Ale w sumie to co kraj to obyczaj także zrobimy sobie wyceny dachu i wtedy rozstrzygniemy czym go pokryć.

Pozdrawiam.

----------


## AXENTY

Według mnie, oprócz tego, że nie jest tańszy od dachówki, oraz jest nietrwały, jest po prostu brzydki. Niedaleko mnie stoją dwa identyczne domy, z których jeden jest kryty dachówką cementową, a drugi gontem bitumicznym. Nie ma porównania!

----------


## Wakmen

> Według mnie, oprócz tego, że nie jest tańszy od dachówki, oraz jest nietrwały, jest po prostu brzydki. Niedaleko mnie stoją dwa identyczne domy, z których jeden jest kryty dachówką cementową, a drugi gontem bitumicznym. Nie ma porównania!

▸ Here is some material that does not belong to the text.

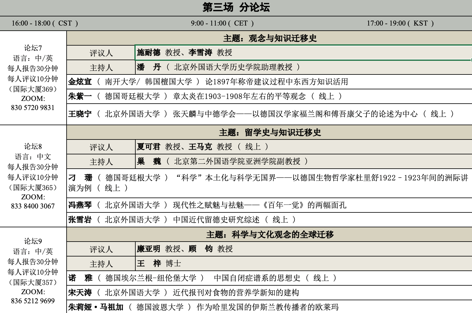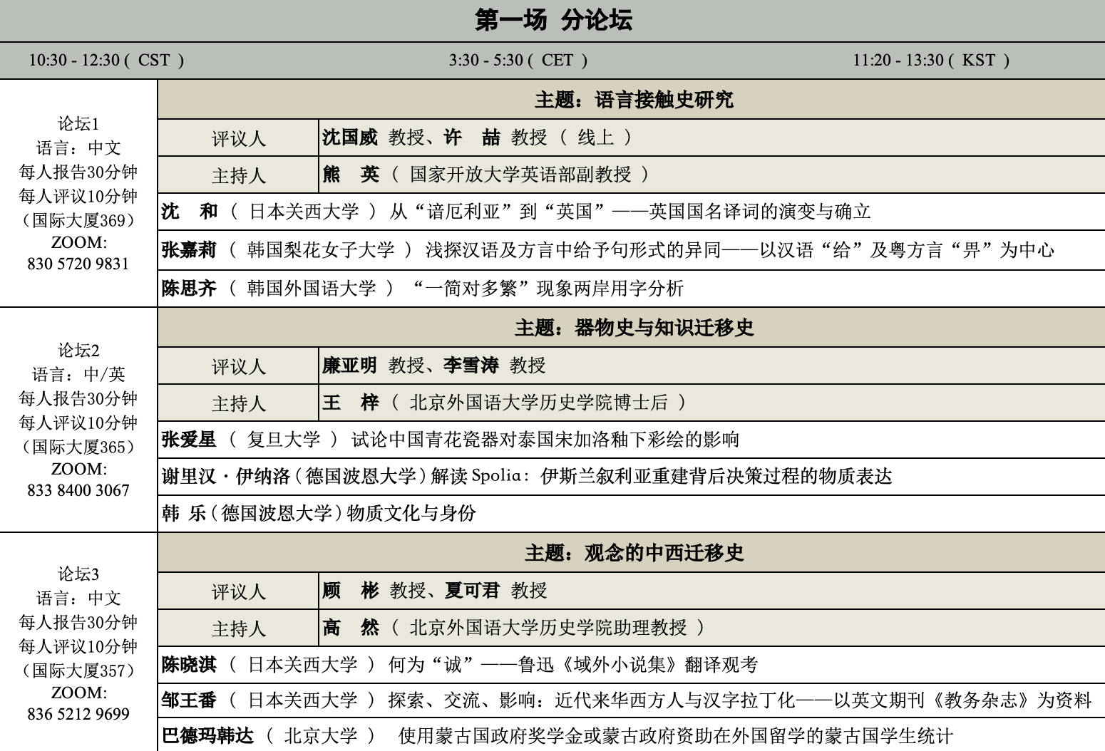 本届论坛的主题定为“全球史视野下的知识迁移与语言接触”,子主题包括语言接触史研究、概念史研究、知识迁移史研究、留学史研究、全球史专题研究等专题。本届论坛将由德国爱尔兰根-纽伦堡大学、德国波恩大学、德国哥廷根大学、韩国庆星大学、日本关西大学5所欧亚高校共同参与,旨在推动博士生跨国跨地域展开学术交流,建立共同研究的学术联系,探讨全球史视野下的知识迁移与语言接触等议题。

I tak sie nabija posty nic nie wnoszącymi do dyskusji tezami.

----------


## Alkman

> Napisał Alkman
> 
> ... Przy czym dekarz uparł się, że tam gdzie płyty pracują (kalenica, kosze + wiatrownica, pasy rynnowe) założy obróbki blacharskie i to nam podraża koszt.....
> 
> 
> I tak jak napisałeś dekarz się uparł. We wszystkich miejscach (z wyjątkiem pasów nad rynnowych, szczytowych oraz przy wszelkiego połączeniach dachu z murem np. kominy) nie stosuje się blach a tylko papę termozgrzewalną. Blacha w takich miejscach jest nieestetyczna a po drugie jak napisałeś podraża koszty a nie jest wcale lepsza od papy.

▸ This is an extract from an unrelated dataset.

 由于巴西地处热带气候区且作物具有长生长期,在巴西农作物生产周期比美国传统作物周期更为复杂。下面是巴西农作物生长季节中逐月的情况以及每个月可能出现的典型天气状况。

Ja tam cieslo-dekarza pracy uczyć nie mam juz siły   :big grin:  . Jestem ekonomistką i wystarczy, że  musiałam przejść szybki kurs przy budowie murów, bo jestem po ciężkiej walce z murarzami . Po dachu skakać nie mam zamiaru. Facet kładł mi również więźbę i ładnie to zrobił, a naprawdę musiał sie namęczyć, jest solidny. 
Blachy chce jakos położyć pod gont, bo jemu chodzi o to, że jak będzie blacha to papa w wyniku pracy płyt sie nie przerwie. Jak chce to zrobić - jeszcze nie wiem - prace trwają.

----------


## Wakmen

> ...Blachy chce jakos położyć pod gont, bo jemu chodzi o to, że jak będzie blacha to papa w wyniku pracy płyt sie nie przerwie. Jak chce to zrobić - jeszcze nie wiem - prace trwają.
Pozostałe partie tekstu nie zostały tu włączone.